## Records for processing:

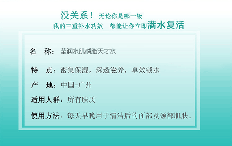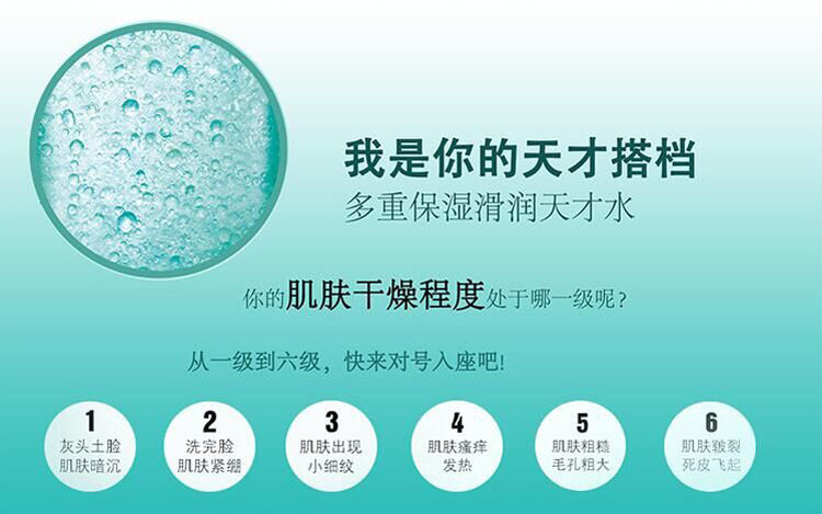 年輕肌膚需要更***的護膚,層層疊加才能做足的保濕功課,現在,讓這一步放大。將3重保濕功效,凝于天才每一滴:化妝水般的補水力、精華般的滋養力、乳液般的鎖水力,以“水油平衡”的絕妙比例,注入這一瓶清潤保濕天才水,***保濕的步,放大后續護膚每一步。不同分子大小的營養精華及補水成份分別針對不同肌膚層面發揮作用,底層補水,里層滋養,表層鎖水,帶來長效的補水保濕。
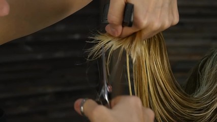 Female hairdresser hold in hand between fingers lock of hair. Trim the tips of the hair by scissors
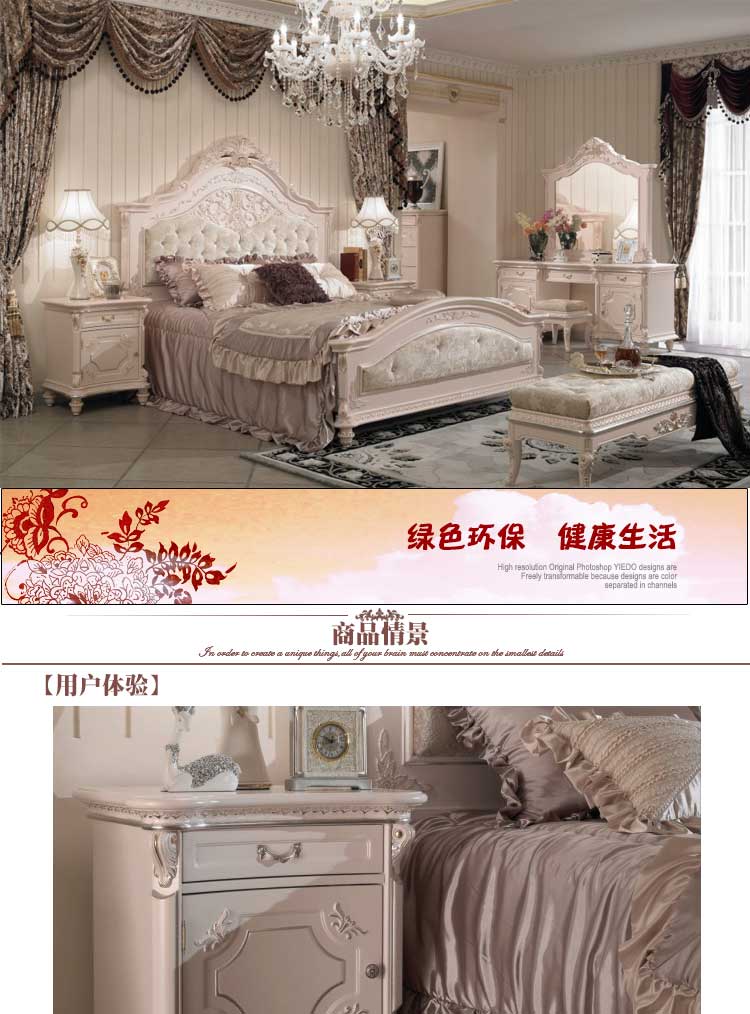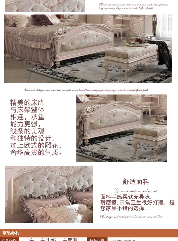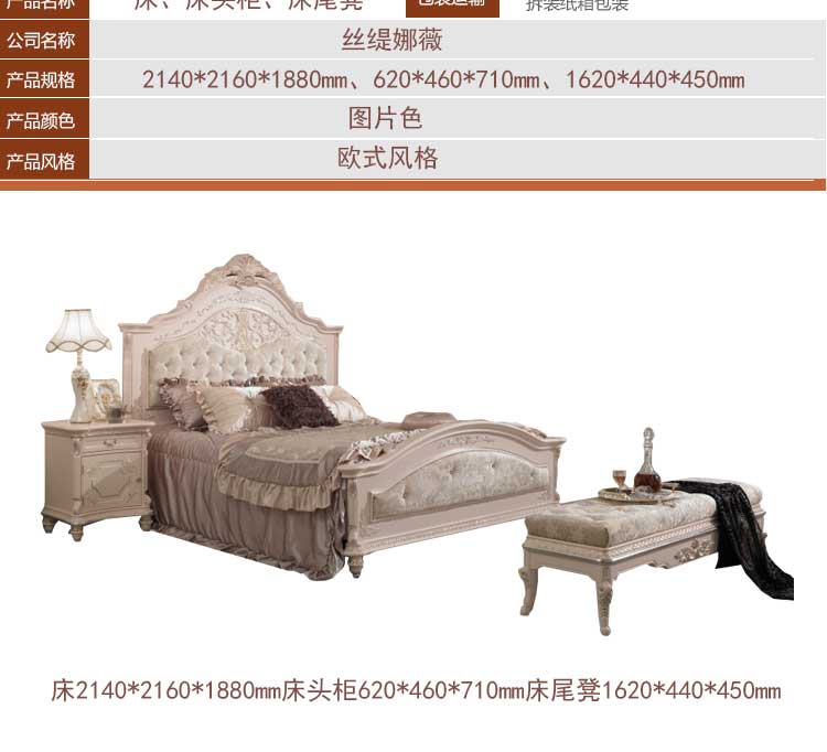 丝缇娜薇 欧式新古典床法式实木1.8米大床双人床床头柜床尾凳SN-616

* * *

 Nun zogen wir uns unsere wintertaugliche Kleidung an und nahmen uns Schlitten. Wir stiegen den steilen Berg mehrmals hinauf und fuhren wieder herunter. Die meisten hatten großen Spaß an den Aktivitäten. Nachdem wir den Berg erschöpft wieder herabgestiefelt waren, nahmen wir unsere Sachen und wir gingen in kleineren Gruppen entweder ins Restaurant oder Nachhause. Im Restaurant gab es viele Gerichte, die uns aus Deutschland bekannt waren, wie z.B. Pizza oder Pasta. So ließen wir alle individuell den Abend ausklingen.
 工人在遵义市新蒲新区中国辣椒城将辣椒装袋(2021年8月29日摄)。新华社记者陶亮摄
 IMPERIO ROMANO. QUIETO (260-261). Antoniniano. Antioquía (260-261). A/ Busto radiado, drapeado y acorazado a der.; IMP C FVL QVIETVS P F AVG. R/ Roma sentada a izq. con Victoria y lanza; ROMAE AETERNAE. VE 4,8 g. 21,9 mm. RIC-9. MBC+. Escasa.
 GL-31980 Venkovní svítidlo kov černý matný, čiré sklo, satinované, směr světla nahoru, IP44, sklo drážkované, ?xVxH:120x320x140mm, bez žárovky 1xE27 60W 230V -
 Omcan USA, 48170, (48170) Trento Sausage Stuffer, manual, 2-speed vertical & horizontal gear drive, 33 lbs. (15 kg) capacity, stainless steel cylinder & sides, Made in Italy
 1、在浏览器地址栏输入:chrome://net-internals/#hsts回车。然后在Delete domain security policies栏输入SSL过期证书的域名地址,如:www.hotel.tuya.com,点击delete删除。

==

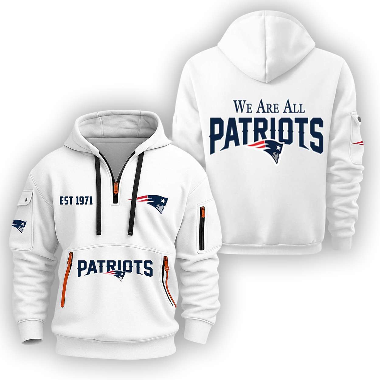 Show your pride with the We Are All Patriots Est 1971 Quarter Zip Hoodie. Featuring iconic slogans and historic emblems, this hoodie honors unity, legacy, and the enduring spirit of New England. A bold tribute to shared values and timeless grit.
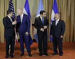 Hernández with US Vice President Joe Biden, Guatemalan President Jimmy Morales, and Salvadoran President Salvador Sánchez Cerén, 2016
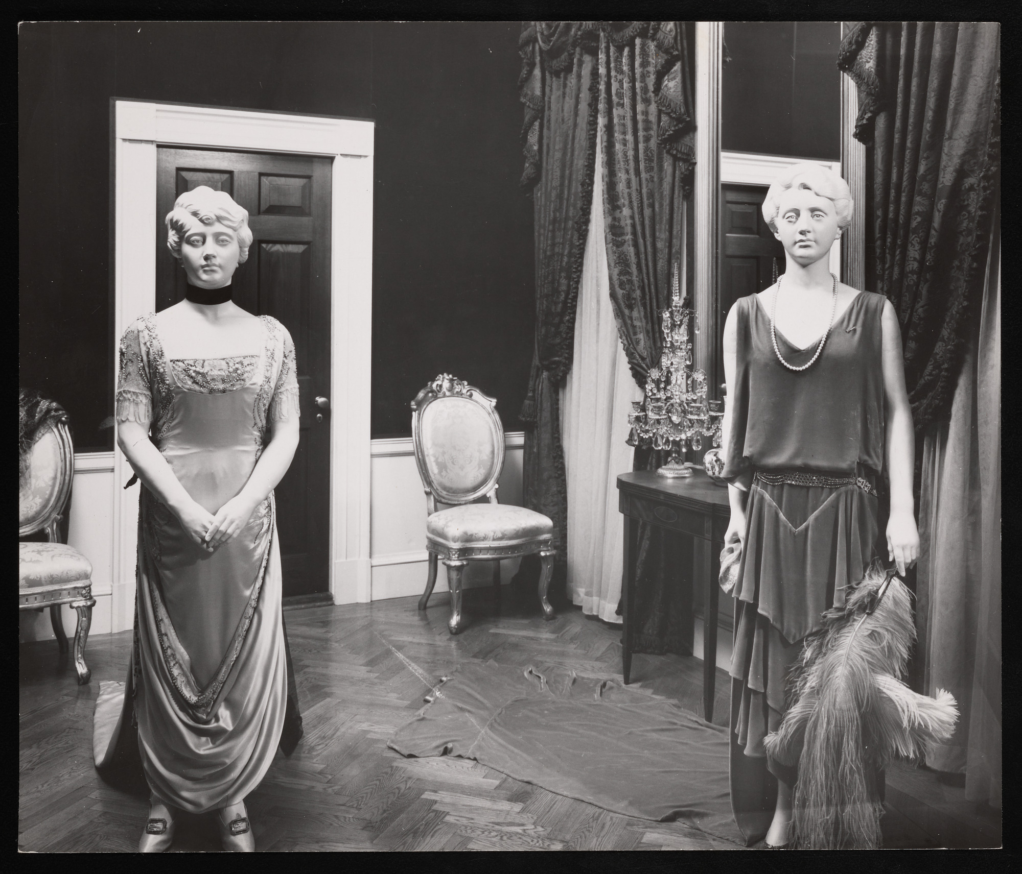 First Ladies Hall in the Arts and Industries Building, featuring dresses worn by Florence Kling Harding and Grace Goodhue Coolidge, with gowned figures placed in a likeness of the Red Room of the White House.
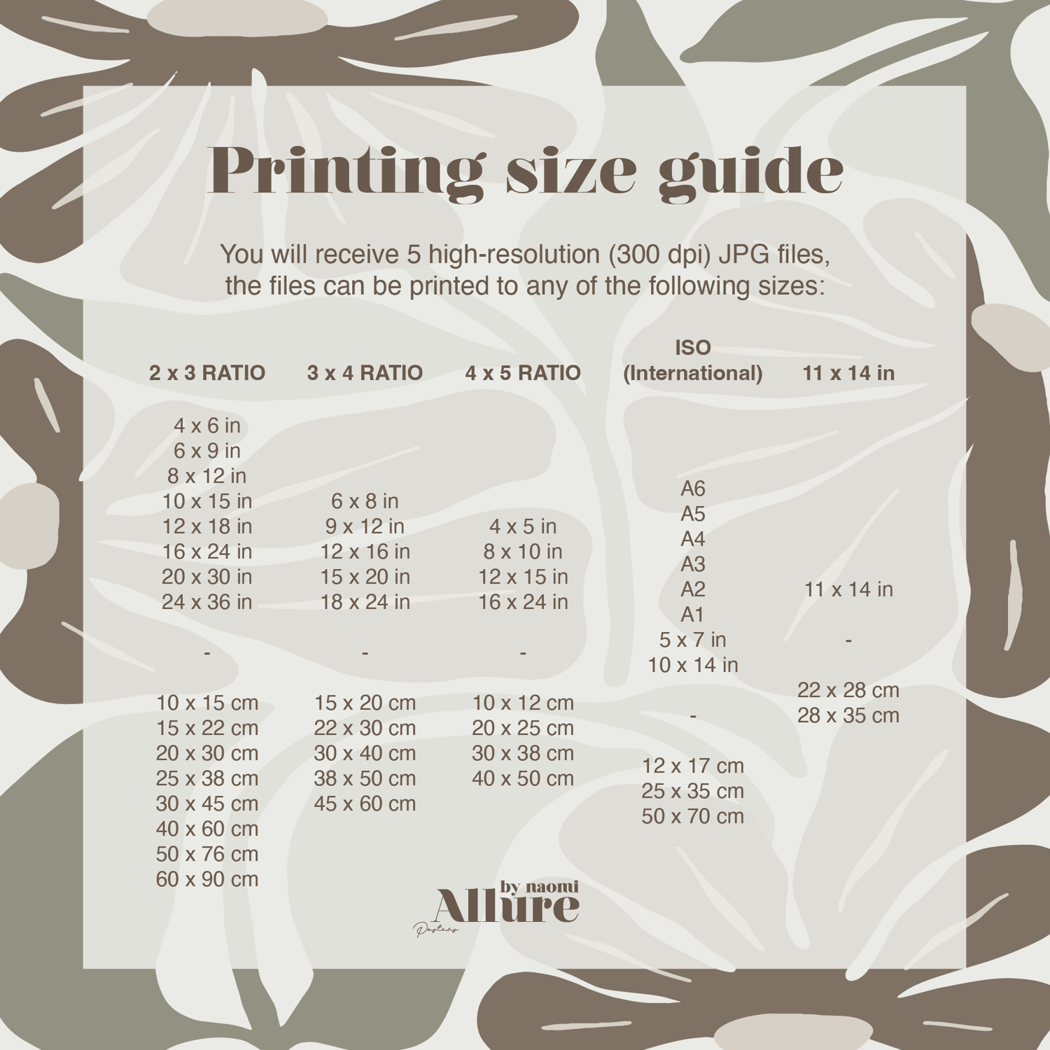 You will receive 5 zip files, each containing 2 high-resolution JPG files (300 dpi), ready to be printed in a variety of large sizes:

## Exercise directions:
Print exactly, with no pictures, the lines above from the one that holds "年輕肌膚需要更***的護膚,層層疊加才能" through the one that holds "丝缇娜薇 欧式新古典床法式实木1.8米大床双人床床头柜床尾凳SN-616", both of them included.

## Response for this exercise:
 年輕肌膚需要更***的護膚,層層疊加才能做足的保濕功課,現在,讓這一步放大。將3重保濕功效,凝于天才每一滴:化妝水般的補水力、精華般的滋養力、乳液般的鎖水力,以“水油平衡”的絕妙比例,注入這一瓶清潤保濕天才水,***保濕的步,放大后續護膚每一步。不同分子大小的營養精華及補水成份分別針對不同肌膚層面發揮作用,底層補水,里層滋養,表層鎖水,帶來長效的補水保濕。
 Female hairdresser hold in hand between fingers lock of hair. Trim the tips of the hair by scissors
 丝缇娜薇 欧式新古典床法式实木1.8米大床双人床床头柜床尾凳SN-616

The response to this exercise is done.